Due figli adolescenti del leader islamista azerbaigiano incarcerato Taleh Baghirzade stanno affrontando accuse penali per una rissa in un cortile scolastico, in un caso che la loro famiglia ritiene sia politicamente motivato.


I fratelli, di 15 e 17 anni, sono stati accusati in seguito ad una rissa avvenuta il 7 aprile presso la scuola n. 26 dell'insediamento di Buzovna vicino a Baku.


Gli investigatori hanno informato la famiglia il 17 luglio che l'indagine si era conclusa e che il caso sarebbe stato portato in tribunale.


Il fratello maggiore è accusato di teppismo di gruppo e di aver inflitto intenzionalmente lesioni personali moderate, che comportano una pena potenziale fino a cinque anni di carcere. Il fratello minore è stato accusato di teppismo collettivo, che prevede una pena massima di tre anni.


La loro madre, Leyla Ismayilzade, ha detto a Radio Free Europe/Radio Liberty (RFE/RL) che l'indagine era parziale e progettata per prendere di mira la sua famiglia.


"Pensavamo che non sarebbero arrivati ​​a questo punto in una normale rissa scolastica, ma sembra che tutto sia possibile", ha detto la signora Ismayilzade.

Ha detto che la polizia del dipartimento distrettuale di Khazar si è rifiutata di esaminare i filmati di sicurezza della CCTV della scuola o di interrogare circa 15 alunni che hanno assistito all'alterco. È stato intervistato solo uno studente, ha aggiunto.


Secondo la signora Ismayilzade, la rissa è iniziata quando suo figlio minore è stato aggredito all'interno del cortile della scuola da un individuo che non era uno studente dell'istituto.
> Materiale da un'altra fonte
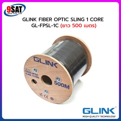 สายไฟเบอร์ออฟติก 1 Core SM ยี่ห้อ GLINK ความยาว 500 เมตร ใช้งานได้ทั้งภายในและภายนอกอาคารมีลวดสลิงแบบฟั่นเกลียว (stranded) ตลอดแนวสายรองรับแรงดึงที่ระมาณ 45 กิโลกรัม วัสดุเปลือกหุ้ม LSZH เป็นวัสดุที่ไม่ลามไฟและทนต่อสภาวะภายนอกได้อย่างดีเยี่ยม ภายใต้เปลือกหุ้มดังกล่าวจะมี ไฟเบอร์กลาสผสมเรซิ่นอันแข็งแกร่ง (FRP) ขนาบข้างตลอดตามความยาวสาย

Suo figlio maggiore è intervenuto dopo aver visto suo fratello picchiato, provocando la rottura del naso dell'altra persona.


I tentativi di raggiungere un accordo con la famiglia del giovane ferito non hanno avuto successo e RFE/RL non è stata in grado di contattarli per un commento.
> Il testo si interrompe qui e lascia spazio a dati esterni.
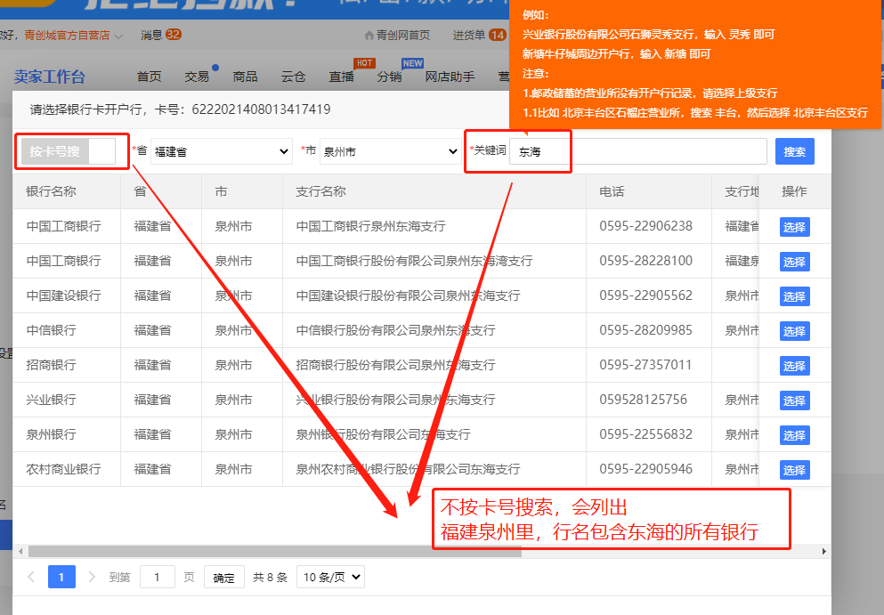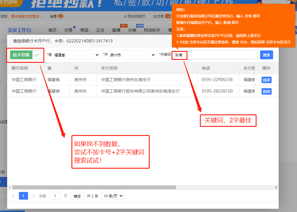 千万不能输入,建行,工行等这样银行简称,这样是找不到分行数据的;

Il padre degli adolescenti, Taleh Baghirzade, è il leader del movimento di unità musulmana bandito e una delle figure più importanti dell'opposizione dell'Azerbaigian.


È in carcere dal novembre 2015 a seguito di un violento raid della polizia nella città di Nardaran, in cui sono rimasti uccisi due agenti di polizia e quattro residenti.


Baghirzade è stato successivamente condannato a 20 anni di carcere con accuse tra cui il tentativo di rovesciare lo stato e il terrorismo – accuse che lui e i suoi coimputati hanno negato, sostenendo di essere stati torturati per farli confessare.


La Corte europea dei diritti dell'uomo ha successivamente stabilito che l'Azerbaigian aveva violato i diritti di Baghirzade riguardo alla tortura e alla detenzione illegale, ordinando al governo di pagare un risarcimento.